07-06-2005, 04:09 AM	#2 (permalink)
sUBs Asst Manager Security, Expert Analyst, Moderator, Security Team; Rangemaster, Moderator, TSF Academy Join Date: May 2005 Posts: 24,422 OS: N/A	Start HiJackThis & go to Config>Misc.Tools>Delete a file on reboot.... In the popup box that appears, type in C:\Program Files\backup-20040506-095259-496.dll Click the *"Open"* button. Click *"Yes"* when prompted to restart your computer now. Other than that, your log appears clean. Do you have anymore problems? __________________ Question - what have you done for the community today?

07-07-2005, 04:42 PM	#3 (permalink)
Raffe Registered User Join Date: Jun 2005 Posts: 11 OS: XP	Virus protection finding this... Things are running OK except my installed Trend Micro PC-cillin always finds the following in it's real time scan: Real-time Scan Trend Micro PC-cillin Internet Security has detected a virus, spyware application, or other Internet threat, and performed the action specified.
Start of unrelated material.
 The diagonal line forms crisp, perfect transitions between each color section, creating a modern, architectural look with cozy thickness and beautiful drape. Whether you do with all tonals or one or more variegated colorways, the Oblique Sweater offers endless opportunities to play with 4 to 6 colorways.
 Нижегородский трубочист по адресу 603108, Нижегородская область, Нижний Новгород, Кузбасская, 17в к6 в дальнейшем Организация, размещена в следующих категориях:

Infected file: C:\System Volume Information\_restore{B37680B2-BA0A-4E5D-BF30-83E44C588624}\RP890\A0039075.dll Virus name: SPYW_CLIENTMAN.A User name: katie Scan action result: Denied Access. Will setting a new restore point get rid of it?
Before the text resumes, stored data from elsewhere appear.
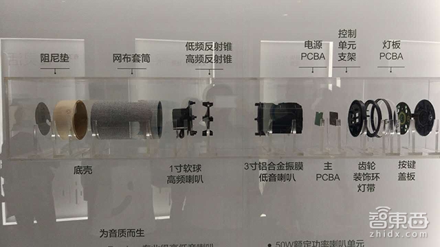 从产品和李志飞的对话中,我们也寻找到了具体的答案。首先,在音质方面,问问音箱采用一个1寸高频扬声器、一个3寸低频扬声器和32平方厘米的被动辐射器,音腔更大。相比智东西此前拆解的一系列智能音箱,它的发音单元配置是不错的。
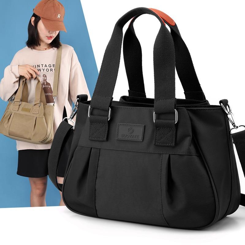 New Women's Shoulder Bag, Trendy Nylon Tote Bag, Large-capacity Mother's Hand-held Pleated Shoulder Messenger Bag.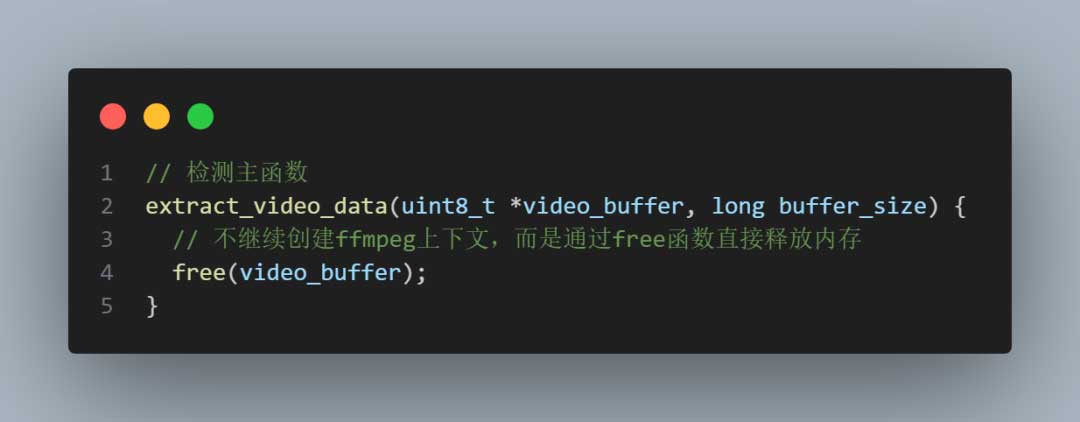 所以正是由于第2、3点导致了wasm占用的内存只能被扩大,而无法通过释放被缩小,一旦过多的使用malloc内存占用达到wasm的最大内存限制后,申请必将失败,后续的链路也就无法继续了。那么排除其他因素,通过代码验证一下吧,我们只需要将extract_video_data函数修改一下,直接释放掉接收的内存指针指向的内存块:

07-07-2005, 04:45 PM	#4 (permalink)
sUBs Asst Manager Security, Expert Analyst, Moderator, Security Team; Rangemaster, Moderator, TSF Academy Join Date: May 2005 Posts: 24,422 OS: N/A	Your log is clean. Create a new System Restore point click Start >> Run - type SYSDM.CPL & press Enter select the System Restore Tab tick on the checkbox - "Turn off System Restore on all drives" click Apply then untick the same checkbox & click OK Enable Windows Auto Update Go to Start>Run - type wuaucpl.cpl tick on the checkbox - "Keep my computer up to date" Under settings, choose "Automatically download the updates, and install them on the schedule that I specify". Click on "OK". Now that you are clean, to help protect your computer in the future I recommend that you get the following free programs: SpywareBlaster to help prevent spyware from installing in the first place. SpywareGuard to catch and block spyware before it can execute. IESpy-Ad to block access to malicious websites so you cannot be redirected to them from an infected site or email. If you do not have a firewall, here are 3 free ones available for personal use: Sygate Personal Firewall Kerio Personal Firewall ZoneAlarm and a good antivirus like the one you are currently using. It is critical to have both a firewall and an anti-virus application and to keep them updated. In light of your recent hiccup, I'm sure you'll like to avoid any future infections. Please take a look at these well written articles HOW DID I GET INFECTED IN THE FIRST PLACE? THE ANTI-SPYWARE TUTORIAL Have a safe & happy computing day. Please respond to this thread one more time so we can mark this thread as resolved. __________________ Question - what have you done for the community today?

07-08-2005, 03:00 PM	#5 (permalink)
Raffe Registered User Join Date: Jun 2005 Posts: 11 OS: XP	It's all good Things are lookin' good. Thanks for your expertise!